Provider Support Status Notes
OpenAI ✅ Supported Native support
Anthropic ✅ Supported Mapped to top-level system parameter
Google Gemini ✅ Supported Native support
DeepSeek ✅ Supported Injected as system message
Mistral ✅ Supported Injected as system message
Kimi (Moonshot) ✅ Supported Injected as system message
Qwen (Aliyun) ✅ Supported Injected as system message
xAI (Grok) ✅ Supported Injected as system message
Together ✅ Supported Injected as system message

Validation Rules:

Reasoning Parameter (OpenAI Compatible)

Crucible supports the standard reasoning parameter for controlling explanation effort:

{
  "model": "gemini-2.5-flash",
  "reasoning": {
    "effort": "high"
  }
}

Setting reasoning.effort (any value) will enable the explanation field in the response. The effort level is currently not used to adjust the detail level.

Controlling Creativity

You can control the randomness of the output using temperature and top_p. These parameters are applied to the final synthesis step (the Arbiter's response).

{
  "model": "gpt-4o",
  "messages": [...],
  "temperature": 0.7,
  "top_p": 0.9,
  "ai_crucible": { ... }
}

Advanced OpenAI-Compatible Parameters

For full OpenAI API compatibility, the following additional parameters are supported:

Parameter Type Description
n number Number of completions to generate (default: 1).
stop string | string[] Stop sequences where the API will stop generating further tokens.
presence_penalty number Penalize new tokens based on whether they appear in the text so far (-2.0 to 2.0).
frequency_penalty number Penalize new tokens based on their frequency in the text so far (-2.0 to 2.0).
logit_bias object Modify the likelihood of specified tokens appearing in the completion.
user string Unique identifier representing your end-user for monitoring and abuse detection.
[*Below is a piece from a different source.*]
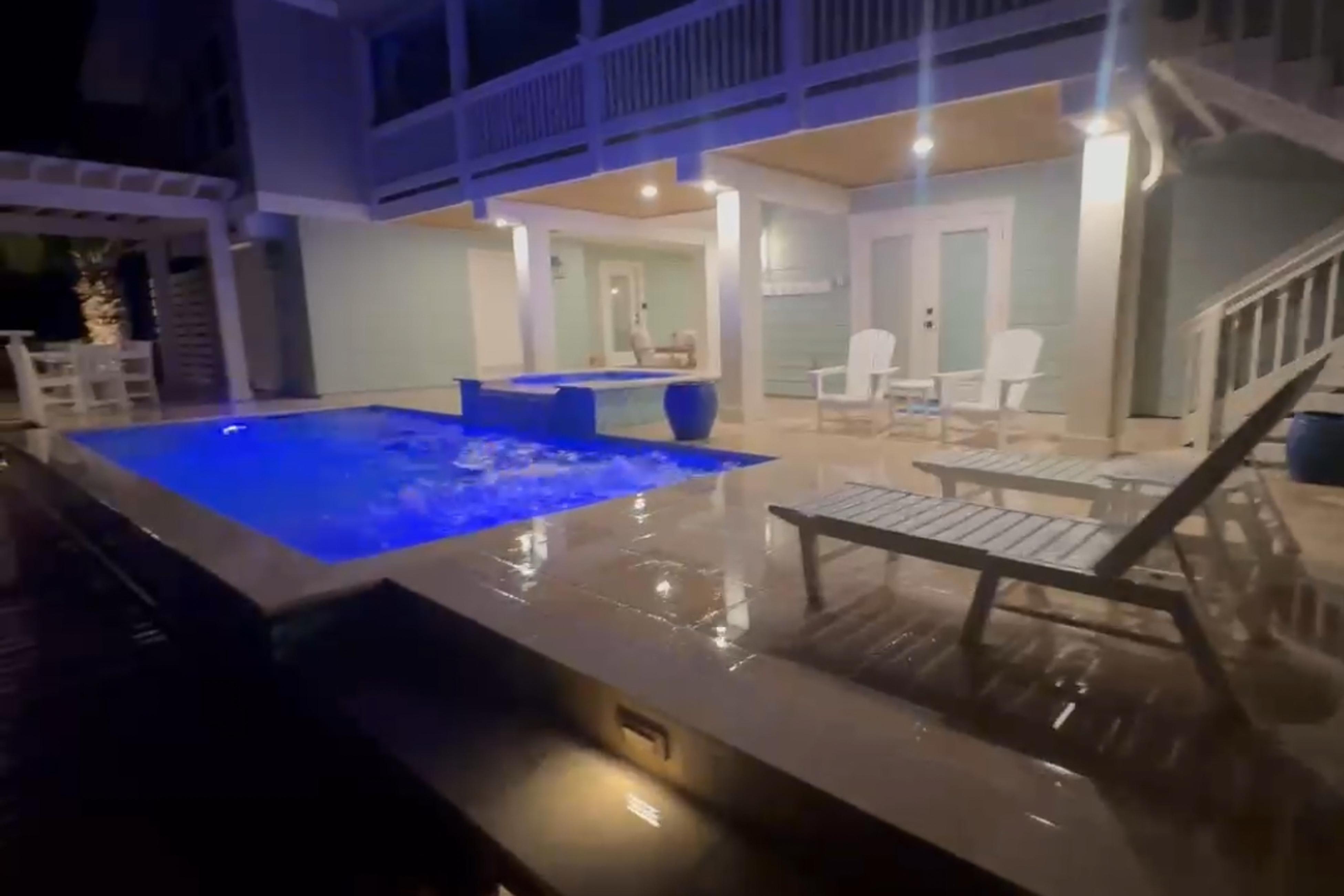 For ultimate relaxation, unwind in the luxurious hot tub, which cascades into the sparkling pool. A tropical cabana with a full bar and comfortable seating offers the ideal spot for evening cocktails, friendly games of Jenga, or outdoor movie nights on the TV. Two additional balconies provide even more space to take in the views and soak up the sun.

[!NOTE] These parameters are primarily useful for advanced use cases and fine-tuning model behavior. Most users will find temperature and top_p sufficient for controlling output randomness.

Example Request

curl https://api.ai-crucible.com/v1/chat/completions \
  -H "Content-Type: application/json" \
  -H "Authorization: Bearer $AI_CRUCIBLE_KEY" \
  -d '{
    "model": "gpt-4o",
    "messages": [{"role": "user", "content": "Write a poem about rust."}],
    "ai_crucible": {
      "strategy": "expert_panel",
      "models": ["claude-3-opus", "gpt-4o"],
      "iterations": 2
    }
  }'

4. File Attachments

AI Crucible supports multimodal attachments for both images and text-based files (including Markdown, JSON, CSV).

Supported File Types

Multimodal Message Format

Messages support two content formats:

  1. Simple text (string): "content": "Your message here"
  2. Multimodal (array): "content": [{ type: "text", text: "..." }, { type: "image_url", ... }]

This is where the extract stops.